When I first picked up Impressions of Grace in either late ’93 or early ‘94, it was looooong before iTunes. Amazon, Napster, and, heck, even the internet was a relatively new concept. Discovering new music was a bit tricky back in the day. The best way was to either hear a band on the radio or catch a rare music video on television. For Human Condition, I don’t know if they ever broke into either medium. What I used to do was listen to this thing call “demos”. It sounds strange, I know. They used to have sample cds and/or cassettes of recent releases, and I’d usually spend a few minutes going through them, giving albums that I though looked interesting a whirl.
I don’t remember my first impression of Impressions of Grace. Clearly it was interesting enough to warrant my purchase. Later I even went back and bought Human Condition’s self-titled debut album in 1992 based on the merits of its successor. The self-titled album is comparatively unremarkable, and I’ve only listened to once or twice.
But Impressions of Grace has remained, never far from my cd player or, later, my iPod playlist. iTunes tracks plays, and “Door of Grace” and “Desert in December” reside comfortably at the top of my most played list.

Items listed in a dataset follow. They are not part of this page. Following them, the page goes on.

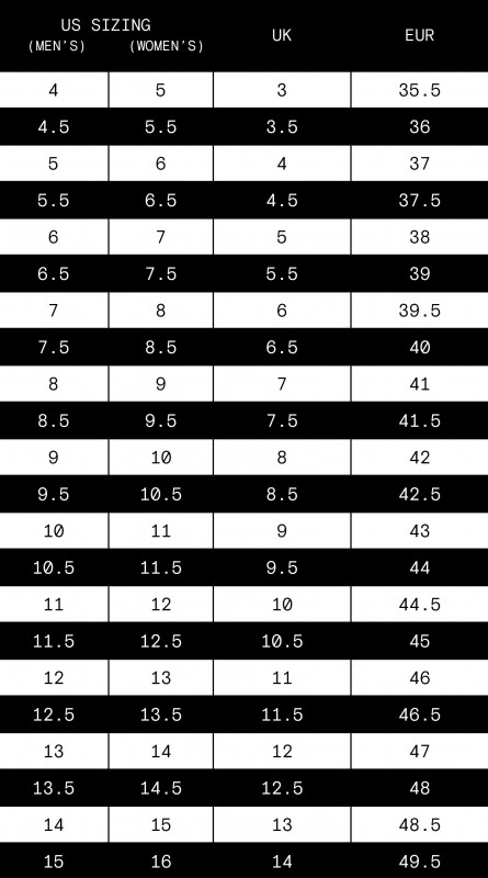 THIS SIZE GUIDE IS ONLY APPLICABLE TO STREET SHOES
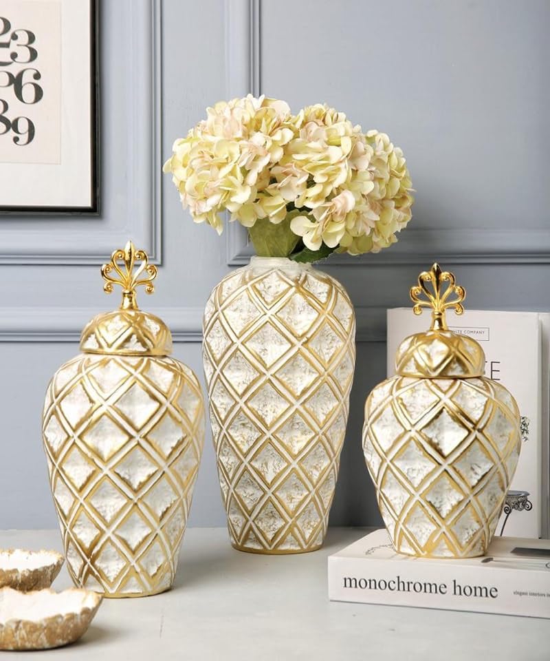 Generic - Decorative Mercury Glass Ginger Jars with Gold Pattern, Set of 3, Luxury Vases with Crown Lids
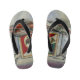 The flip flops arrived in a most colorful package which also had them double bagged in a black drawstring pouch which makes them great for gifting. They are a quality product with plenty of durability. The printing is vivid and true to that pictured on the web. Great look!
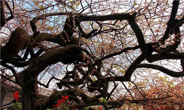 盛夏時節,樹影婆娑,梅果滿枝;寒冬臘月,滿樹繁花似雪,暗香浮動。古梅閱歷風霜,依然充滿生機,傲立古道旁,依依守望古道過往……
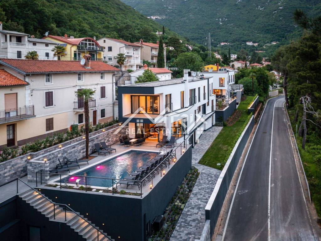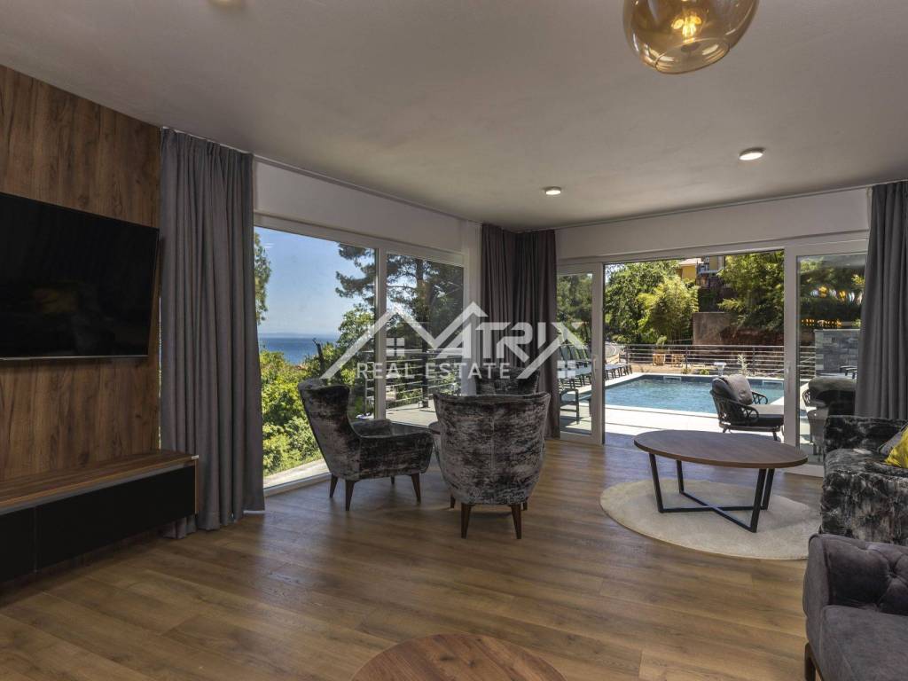 We present to you this luxurious villa with a pool, only 500 m from the sea, located on the outskirts of the Opatija Riviera. Surrounded by greenery and with a spectacular view of the sea and islands, this property will delight you with its exterior and interior.
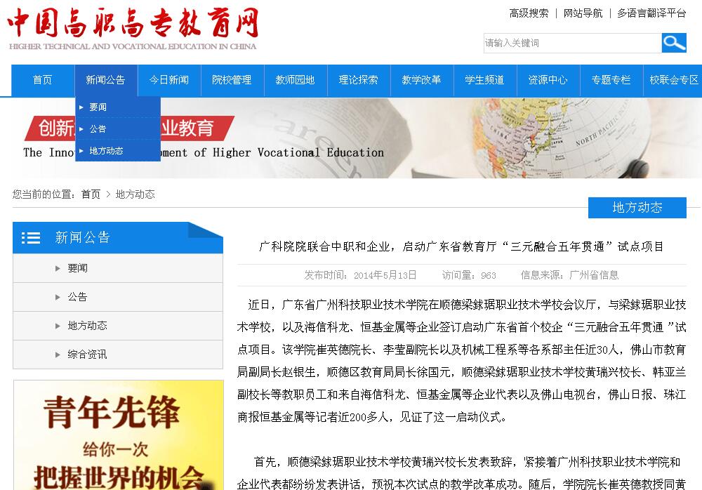 【中国高职高专教育网】广科院院联合中职和企业,启动广东省教育厅“三元融合五年贯通”试点项目

Periodically I will search the interwebs in hope of new albums or morsels of information on the obscure bands I’m fond of. The Violet Burning, 77s, Daniel Amos, Jeff Ebel + Ping, Over the Rhine, etc. But Human Condition remains an enigma – I can’t much information either band member or the band, which presumably broke up after Impressions of Grace (they produced no other albums). This is before every band had a Myspace page or a website, so there’s no lingering blog post explaining the group’s demise. It seems they quietly faded into obscurity, a minor footnote in Christian music. But I love ‘em and listen to them still still. I’m listening to them right now, in fact.
Why? It’s hard to say.
Music, like all art, is subjective. Some folks like thrash metal. I can’t tolerate thrash metal for more than a milisecond without vomitting. Who’s to say it’s good or bad, but the listener determines it so? There’s not a lot like Human Condition’s Impressions of Grace in my favorite music list, but by gum, I suspect Impressions of Grace is in my favorites list for another two decades or more.